With yet more funds saved, NASA should build a fleet of space telescopes. In terms of value for money, few machines can compete with the Kepler observatory. At a cost of $600 million (about the price of one Space Shuttle launch) this machine has revolutionised our view of the cosmos. In three years it has found more than 2000 ''exoplanets'' orbiting nearby stars, including dozens that are roughly Earth-like in size and temperature. Twenty years ago, we did not know of a single exoplanet; now, it is estimated that there are at least 30,000 potentially habitable planets within 1000 light years of Earth - places such as Kepler-22b, a world bigger than our own yet with similar surface temperatures and possibly a huge ocean covering its surface.
We need more Keplers, and bigger ones. Large space telescopes, or fleets of space telescopes, placed either in Earth's orbit or at the solar system's gravitational oases (known as the Lagrange points) would allow us to survey nearby Earth-like planets, sniffing their atmospheres spectroscopically for oxygen, methane, water vapour and the like - the tell-tale signs of a biosphere. With a really big telescope, we could theoretically see the dark-light colour changes that may signify continents and oceans passing as the planet rotates.
This does not mean, however, that human space exploration should cease altogether. A return to the moon makes sense, not least because the lunar far side is an ideal place to build extremely large telescopes that could explore the surfaces of ''Earth twins'' even more effectively. And if Mars looks promising, it remains the case that a human astrobiologist could achieve in a week what the best robot could do in three years.
Yet concentrating on a search for life would have the advantages of being scientifically valid, being relatively cheap and connecting with the public imagination.
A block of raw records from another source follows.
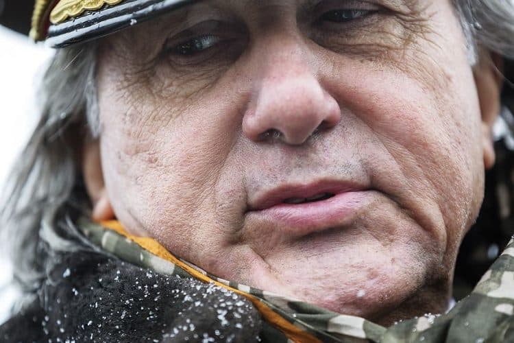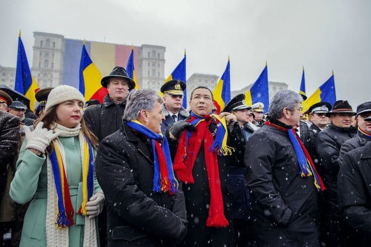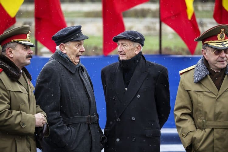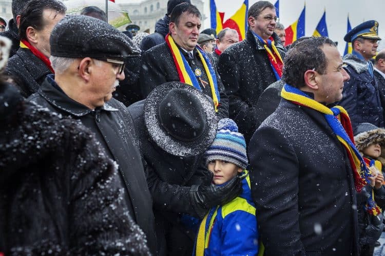 Ultranationalist politician Corneliu Vadim Tudor, left, attends the ceremonies marking the National Day of Romania, as seen on December 1, 2012.
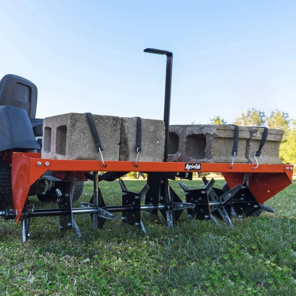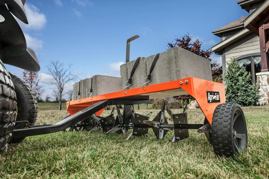 Supplied with a universal hitch pin, the Agri-Fab plug aerator is suitable for towing behind all makes of ride-on lawn mower.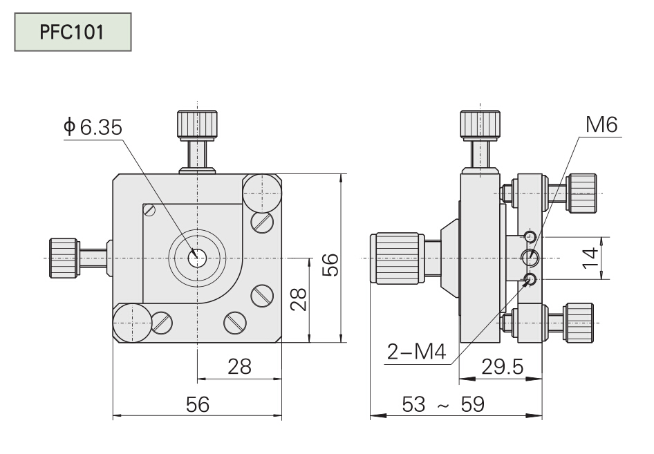 五維調整光纖 手輪調節Tx,M6×0.25 細牙螺桿調節其余四維 中心φ6.35mm 通孔,可裝卡PFA101、PFA102 型光纖卡頭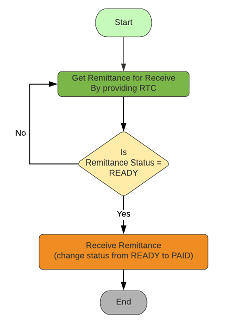 The diagram below illustrates the flow for receiving a Cash Pick-up remittance.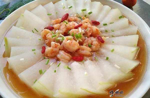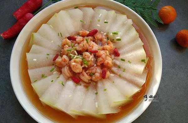 很多餐館裡一味地追求口感和賣相,做出來的食物油重鹽也多,吃著吃著體重就上來瞭。所以我們在傢就經常做些蒸菜吃,蒸菜吃的是食物的原汁原味,少油也少鹽,吃著比較健康。我傢最常做的一道蒸菜就是冬瓜蒸蝦仁。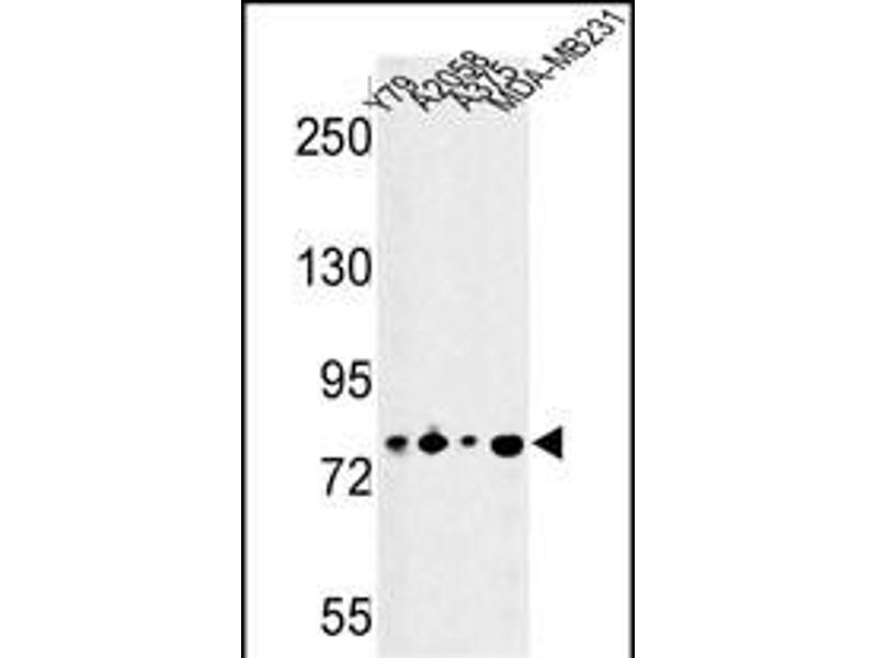 This CSRP2BP antibody is generated from rabbits immunized with a KLH conjugated synthetic peptide between 246-275 amino acids from the Central region of human CSRP2BP.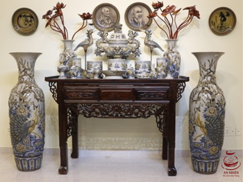 Cặp lộc bình men rạn dát vàng bên bàn thờ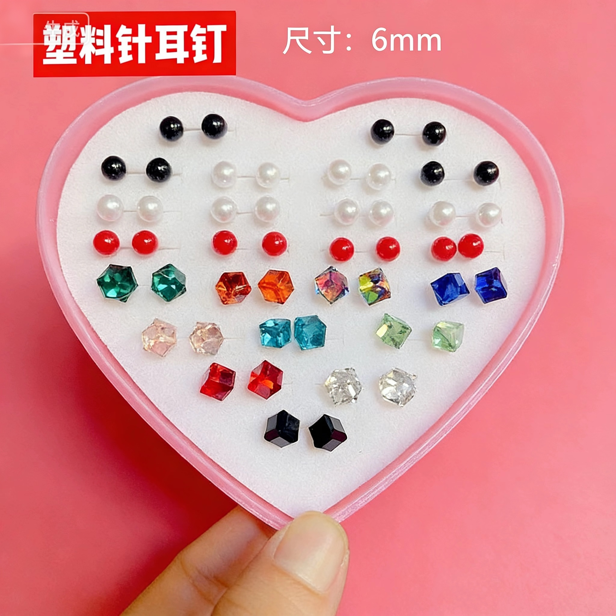 2025新款爱心盒装胶针塑料耳钉仿珍珠水立方混装套装圆形小耳钉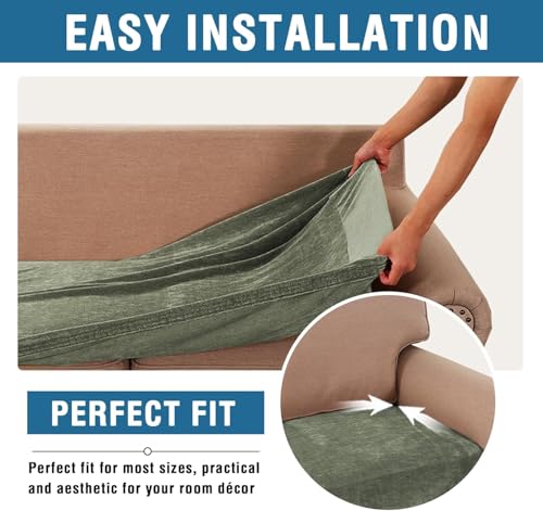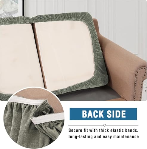 LINGKY Sofa Seat Cushion Cover, Stretch Chenille Sofa Cushion Slipcovers, Non-Slip Couch Cushion Covers Replacement for Individual Cushion with Elastic Bottom (Olive Green,1 Seater)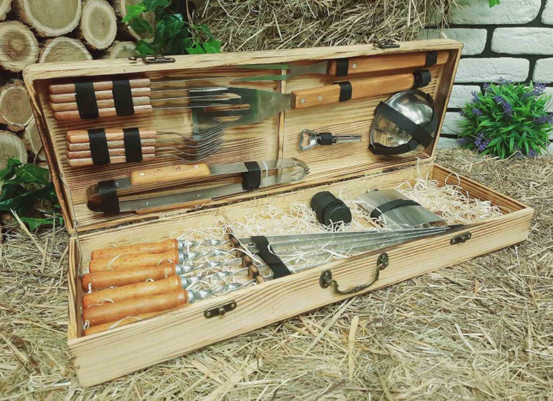 Набор из 6 шампуров для мяса (630х10х3 мм) + комплект аксессуаров в деревянном кейсе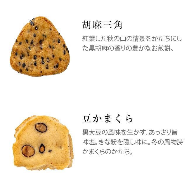 もち米(国産)、うるち米(国産)、砂糖、植物油脂、しょうゆ、大豆、もち米粉(もち米(国産))、黒ごま、のり、きな粉、食塩、えび、青のり、デキストリン、発酵調味料、たんぱく加水分解物、魚介エキス調味料、魚醤(魚介類)、水あめ、昆布エキスパウダー、香辛料、クリーミングパウダー、みりん/調味料(アミノ酸等)、増粘剤(加工でん粉、プルラン)、着色料(紅麹、クチナシ)、乳化剤、酸味料、香料、香辛料抽出物、酸化防止剤(V.E)、甘味料(カンゾウ)、(一部にえび・小麦・乳成分・ごま・さば・大豆・鶏肉・豚肉・魚醤(魚介類)を含む)

Since 1972, Americans have spent far more money making and watching movies about fictional aliens than they ever spent actually going into real space. Looking for ET will garner rather more enthusiasm than growing cress seeds in orbit. And there is a case for devoting modest public funds in the search for alien radio signals.
There remain scientifically and culturally valid reasons to maintain a human presence in space, not to mention more nebulous justifications such as vicarious excitement and national pride. But NASA should leave the flag-planting, for now, to the privateers and to other nations (the next humans on the moon will be Chinese, arriving in the late 2020s).
Go looking for life, and it may well find it. Once it does, all bets will be off - and NASA might just get the money to do whatever it wants.
Michael Hanlon is the author of The Worlds of Galileo and The Real Mars.